Continuous Availability (CA) separates the vRealize Operations cluster into two fault domains and protects the analytics cluster against the loss of a fault domain.

Cluster Management

Clusters consist of a primary node, a primary replica node, a witness node, data nodes, and remote collector nodes.

Enabling Continuous Availability within vRealize Operations is not a disaster recovery solution.

When you enable Continuous Availability, information is stored (duplicated) in two different analytics nodes within the cluster but stretched across fault domains. Due to sizing requirements, continuous availability requires doubling the system’s compute and capacity requirements.

If either the primary node or primary replica node is permanently lost, then you must replace the lost node, which will become the new primary replica node.
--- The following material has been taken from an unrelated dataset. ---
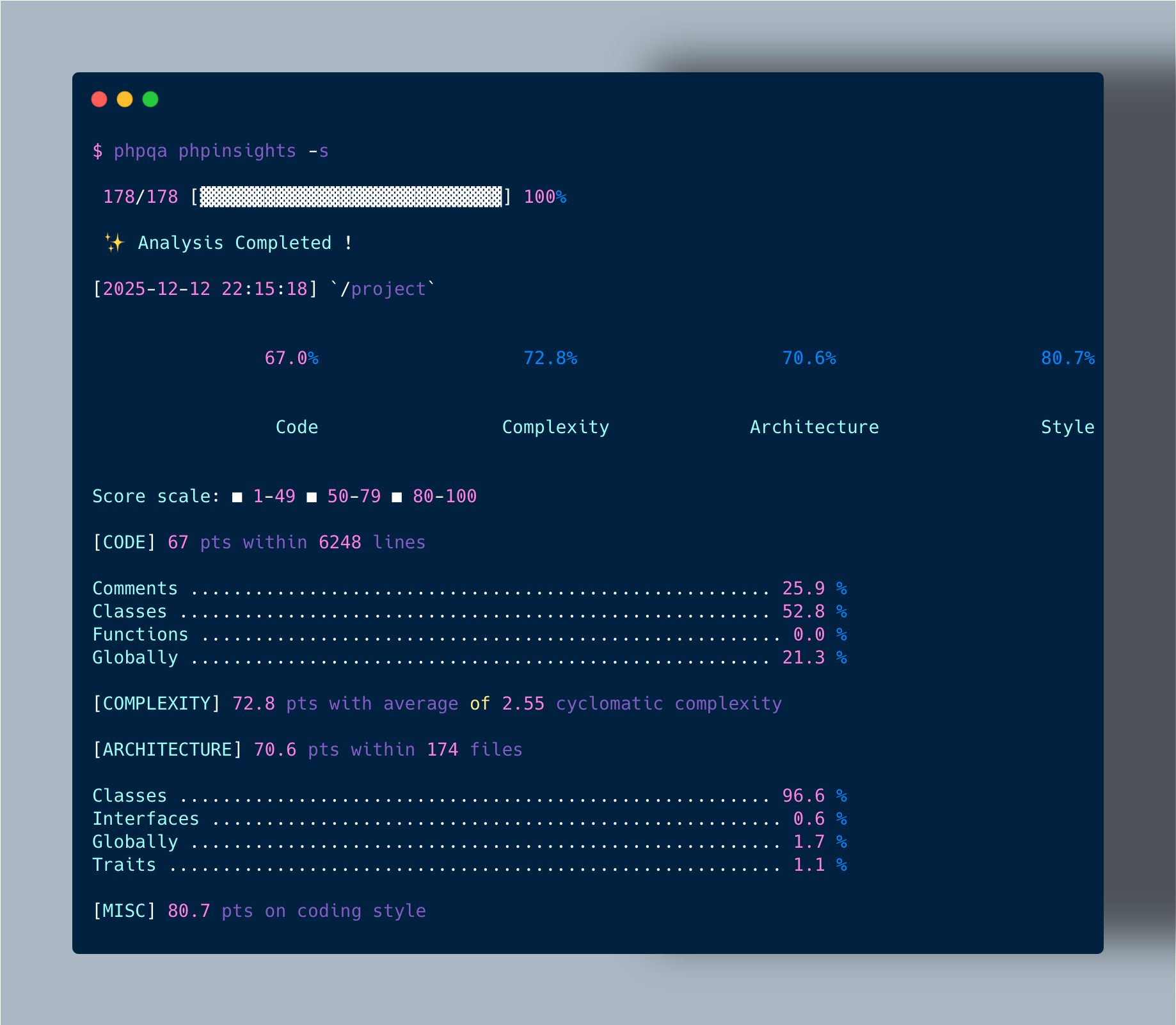 Quickly determine some basic quality info on your PHP code with phpinsights
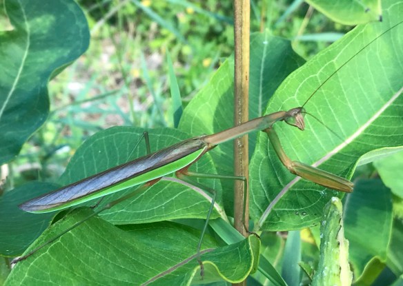 I was checking milkweed plants for monarch caterpillars and came across this instead. I’ll take it. I’ve seen a lot of Facebook posts lately featuring praying mantises. I guess it was my turn.

If it is necessary to have the new primary replica node as the primary node, then you can take the current primary node offline and wait until the primary replica node is promoted to the new primary node. Then bring the former primary node back online and it will be the new primary replica node.

Fault Domains

Fault domains consist of analytics nodes, separated into two zones.

A fault domain consists of one or more analytics nodes grouped according to their physical location in the data center. When configured, two fault domains enable vRealize Operations to tolerate failures of an entire physical location and failures from resources dedicated to a single fault domain.

Witness Node

Witness node is a member of the cluster but not part of the analytics nodes.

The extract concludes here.